So you heard about Equifax, right?  If you’re just waking up and haven’t heard about this yet, please be advised that a category five fecal-maelstrom has moved in and chances are good you are right in the path.

Because apparently, Equifax has lost data on just about everybody.  By “just about everybody”, I mean about 143 million people in the US, UK, and Canada.  Basically most people with a credit record.  The data lost includes a bunch of stuff: social security numbers, dates of birth, addresses, driver’s license numbers.  Pretty much what you’d expect to be in a credit report.

The financial impact – at least right now – isn’t great.  After hours trading of the stock has been pretty rough: they’re down about 14%.  We’ll see what happens when the market opens though since we all know that stock price doesn’t usually take a hit after a breach.  On the “plus side”, at least we know that Equifax executives are in the clear since they sold their shares before the news was disclosed.  They claim they didn’t know about the breach when they sold.  So, I wasn’t there – I have no special knowledge of the situation to have an opinion one way or the other.  But I have to say I’m suspicious of that a little bit.  At a minimum, the optics are terrible.  Because the only way for that to be true is that a) the CFO was out of the loop on something potentially catastrophic to their financial position and the president of US operations wasn’t informed about one of the largest breaches of all time.  If that ” seems legit” to you, so be it.  But “best case scenario” is that it’s unfortunate timing that makes them look absolutely terrible… the worst case (i.e. that it’s straight-up criminality capitalizing on the misfortune of others and their own incompetence to make a quick buck) would be really, really not good.

A few things are interesting to me about this.  First, Equifax apparently discovered the breach on July 29. But yet, we are only learning about it now.  That is that it is well over the 30 day notification period required in jurisdictions like, for example, Florida.  And, I’m no Srinivasa Ramanujan, but a quick “back of envelope” calculation leads me to conclude that we’re over the 30 day timeline (or 45 if they sought extension).  This suggests that either a) they are not in compliance with at least one jurisdiction’s breach notification law or b) they were given explicit permission from law enforcement to delay notification.  I suppose if law enforcement were going to give an exception to someone for something, this would probably be the one given the volume and seriousness.  However, value of the breach notification seems to me to be proportional to the size of the breach.  So if law enforcement is going to always waive it when something high profile like this occurs, is there really a value to having a timeline?

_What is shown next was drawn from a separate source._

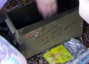 As for the hoopla about the old ammo boxes, they make great caches. The goodies don’t get wet and hold up well in all kinds of weather. We’ve certainly found our share of recycled ammo boxes and they were well-marked as the geocaching website suggests. It was also clear that the guy who hid the cache in PA, had received the proper permission to hide it from the Parks and Recreation department who manages the park where the cache was found.

Second thing that’s interesting is I’m wondering if this will have any impact on people’s continued use of Social Security Number as an authentication “strategy” or if it will impact long-term how people apply for credit or run credit checks.  Will it impact the viability of KBA?  After all, if nobody’s data is private anymore, is it (as Adam Shostack says), a “chernobyl moment“?  At least, to the extent that it changes how we do things?  I guess we’ll see.

Third thing that’s interesting to me is I wonder the business impact this will have on Equifax.  It seems to me that companies are testing, in Darwinian fashion, how much data they can lose without suffering long-term viability impacts for their businesses.  What will be enough to impact a business in a truly catastrophic fashion?  Unsure.  But I’m interested in this because it will certainly test the hypothesis – i.e., that somehow something negative will happen to you if if you expose sensitive information about people en masse.

Why do I say that? Because this breach is friggin huge.  And credit reporting is a super competitive marketplace.  There’s not a lot of room for someone to have “drag” in that market and still remain competitive.  Ergo, if Equifax is still viable in a year or so, it tells us something.   Namely, if they’re not struggling, we can probably safely conclude that privacy breaches – at least those that results in disclosure of private customer information – don’t really matter all that much.  This wouldn’t be good news in my opinion, but at least we’d know.  If they’re on the ropes in a tangible, observable way, then we know there are long-term impacts.  Also useful to know.